Dissertations, Theses, and Capstone Projects

Date of Degree


Document Type


Degree Name





Timothy Ellmore

Committee Members

Tatiana Aloi Emmanouil

Timothy Ricker

A. Duke Shereen

Kerstin Unger

Subject Categories

Cognitive Neuroscience | Cognitive Psychology


Working Memory Maintenance, Attention, Delay Activity, Functional Connectivity, Rehearsal, Interference


Working memory (WM) is the temporary storage of information to accomplish a future goal. The WM delay period is the time after encoding but before retrieval when information is being maintained, typically in the absence of relevant stimuli. Understanding how the brain supports maintenance during the delay period, and how neural activity and connectivity are related to memory is critical for advancing both basic knowledge as well as informing declines in memory and cognition related to neurodegenerative diseases and healthy aging. An open question in the field of WM research is how information is stored during this delay period. One theory suggests persistent neural activity supports the storage of information while another theory suggests rapid synaptic weight changes (i.e., an activity-silent mechanism). While support exists for both theories, numerous confounds complicate the experiments designed to distinguish between these two theories. Most notably, studies typically use simple stimuli with short, predictable, unfilled delay periods, with few studies examining this open question using complex visual stimuli. For this dissertation four EEG experiments were conducted to answer three questions: 1) Does the type of maintenance technique used during the delay period modulate the neural activity for complex visual stimuli? 2) What are the load-dependent delay activity and connectivity patterns associated with maintenance of complex visual stimuli? And 3) How do patterns of delay activity and connectivity change when attention is sustained during unpredictable delay period durations?

In the first set of experiments, we examined the role of rehearsal in maintaining complex visual stimuli. We looked at the impact of rehearsal versus suppression of rehearsal using novel naturalistic scenes that contained semantic content and phase-scrambled scenes that lacked semantic content. The benefit of rehearsal was associated with increases in theta and alpha band amplitude, but only when the stimuli lacked semantic content. The overall pattern of change in amplitude was similar for rehearsal and suppression of rehearsal, regardless of the type of stimulus.

In the second set of experiments, we examined the role of attention in maintaining complex visual stimuli. We used a similar set of stimuli to the first experiments, employing a load manipulation (low load-2 images, high load-5 images) while perceptual interference was present. While increasing the WM load, particularly with complex stimuli, places a greater demand on attentional resources, interfering stimuli may compete for the available resources. This was confirmed in the examination of theta and alpha amplitude, as amplitude was reduced for the high WM load as compared with the low WM load. We also analyzed functional connectivity to identify the underlying brain networks that facilitated performance for the low load condition and identified three supporting networks, including a frontal- posterior temporal network that is responsible for filtering the interfering stimuli.

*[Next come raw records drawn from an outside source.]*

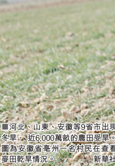
河北、山東、安徽等9省市出現冬旱,近6,000萬畝的農田受旱。圖為安徽省亳州市一名村民在查看麥田旱情。

不過,劉清力對中國國內情況持相對樂觀態度。他分析認為,中國小麥已連續7年增產,庫存量較為充沛,即使今年減產,供需面亦不會受太大影響。而受國際糧食市場影響,中國國內糧食在價格方面將有所體現,但漲幅及波動程度較國際市場相對較小。
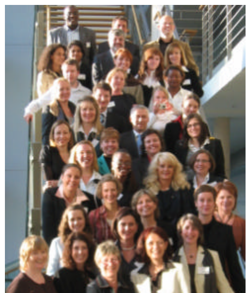
Referenten bei Crossing Bridges 2007
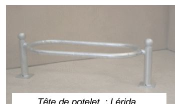
Tête de potelet : Lérída
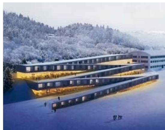
Hôtel des Horlogers, Le Brassus Bâtiment en béton et bois apparents, géométrie complexe, Minergie-ECOBois de la Vallée de Joux (Labels COBS et FCS), valorisation sur site des matériaux d'excavation et de la terre végétale.
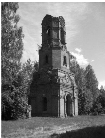
Каменная колокольня храмов погоста Шатур, 1910 г. Фото 2000-х годов.

ят из приходских отдельных населенных местностей. Школа подразделяется на три группы: старшую, среднюю и младшую. Обучение ведется в ней удовлетворительно. Списки учеников и журналы для записи уроков ведутся исправно. Во время посещения школы Его Высокопреосвященство испытывал учеников в знании закона Божия, русского языка и арифметики; ученики были вызываемы по списку младшей, средней и старшей групп» 115 .
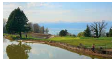
Le trou n°5 pendant les travaux
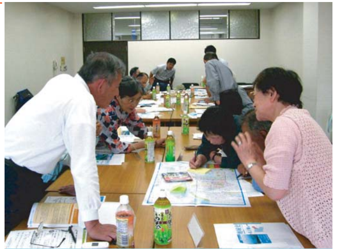
●ワークショップの様子

3年目の初日となる今回のワークショップでは、地域史づくりの内容とともに、3月に開催した発表会の感想、そして地域史の広報活動をどのように進めていくかなどの意見交換を行いました。広報については、本年度も昨年度と同じように発表会などを開催し、旭区の歴史や会の活動を広く知らせていくことになりました。
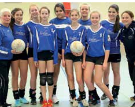
Ahlhorner SV - 4. Platz.
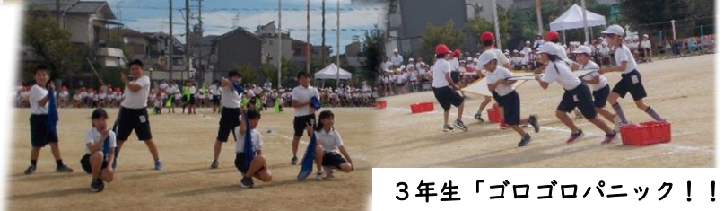
3年生「ゴロゴロパニック！！」
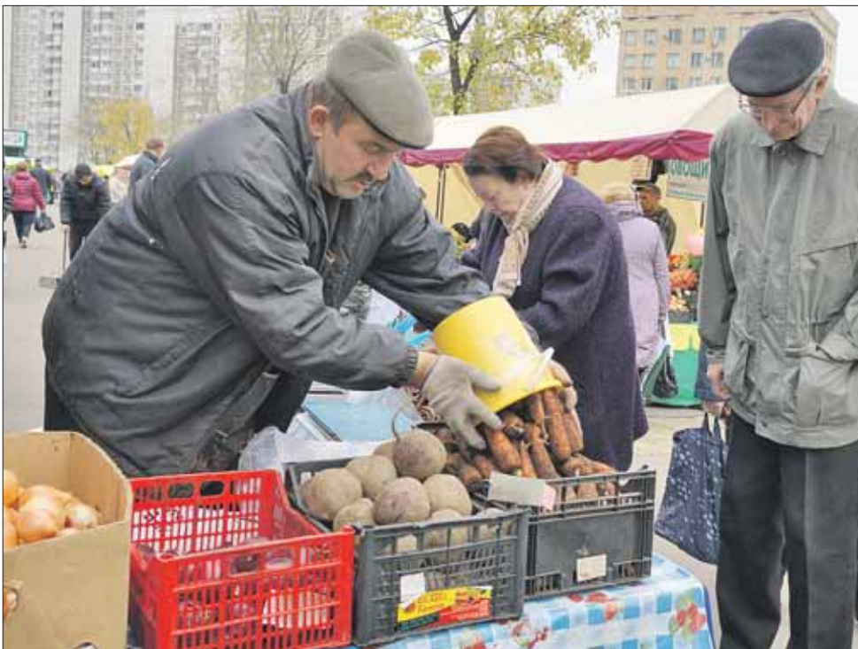
Люди соскучились по натуральным продуктам

— Фермерство — наше семейное дело. Ещё бабушки с бабушками передали нам свои секреты,
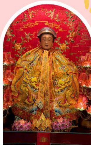
วัดหลังโหมว ความสำเร็จ ความมั่งคั่ง เงินทองไหลมาเทมา
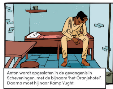
Ontwikkeling illustratie van De Kom in Oranje-hotel. Bron: Karida van Bochove
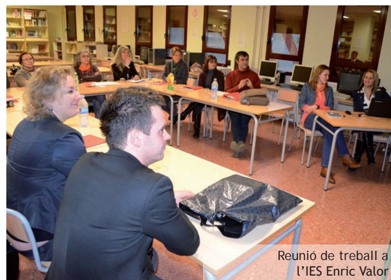
Reunió de treball a l'IES Enric Valor

Aula Mentor pone a tu disposición formación actualizada i de calidad, por tanto si quieres ampliar tu formación, puedes encontrar toda la información en: www.aulamentor.picanya.org .

Additionally, in a separate experiment using similar stimuli, we randomly varied the delay interval (short-2 sec, medium-5 sec, and long-9 sec) from trial to trial, which ensured sustained attention throughout the delay period because participants did not know when the delay period would end and the probe would appear. The delay activity associated with complex visual stimuli suggests a pattern of transient delay activity for medium and long delay periods, regardless of load, with an early increase in event-related synchronous activity (ERS) in alpha and lower beta activity (until 2-3 secs) followed by an extended period of event-related desynchronous (ERD) in alpha and beta band activity, in parietal and parieto-occipital regions. Sustained delay activity (i.e., ERS in alpha activity followed by a return to baseline) was only observed for the short delay interval (~2 sec). Our results suggest that the pattern of ERS reflects an early period of goal setting, in which attention is focused inward to prevent interference. As the delay interval increases, the pattern of ERD reflects ongoing maintenance and associations with stored semantic knowledge.

Finally, we compared the underlying brain networks that supported maintenance across all experiments using connectivity measures. This comparison identified a different frontoparietal network that is implicated in cognitive control and was found to be involved in both effortful maintenance (i.e., for stimuli lacking semantic content) as well as maintenance that places an increased demand on attentional resources (e.g., interference present or increased intervals).

These results provide some support for the persistent delay activity hypothesis, as there were changes in delay activity from baseline throughout the delay period in all experiments, regardless of maintenance technique, WM load or delay period interval. Furthermore, the delay period connectivity analyses for all experiments implicate fronto-parietal and temporal networks in supporting maintenance and suggest a flexible role of attention (e.g., filtering of interfering stimuli, control over attention) that varies based on task demands. Together, these delay activity and connectivity findings inform the ongoing debate about the neural dynamics that support visual WM.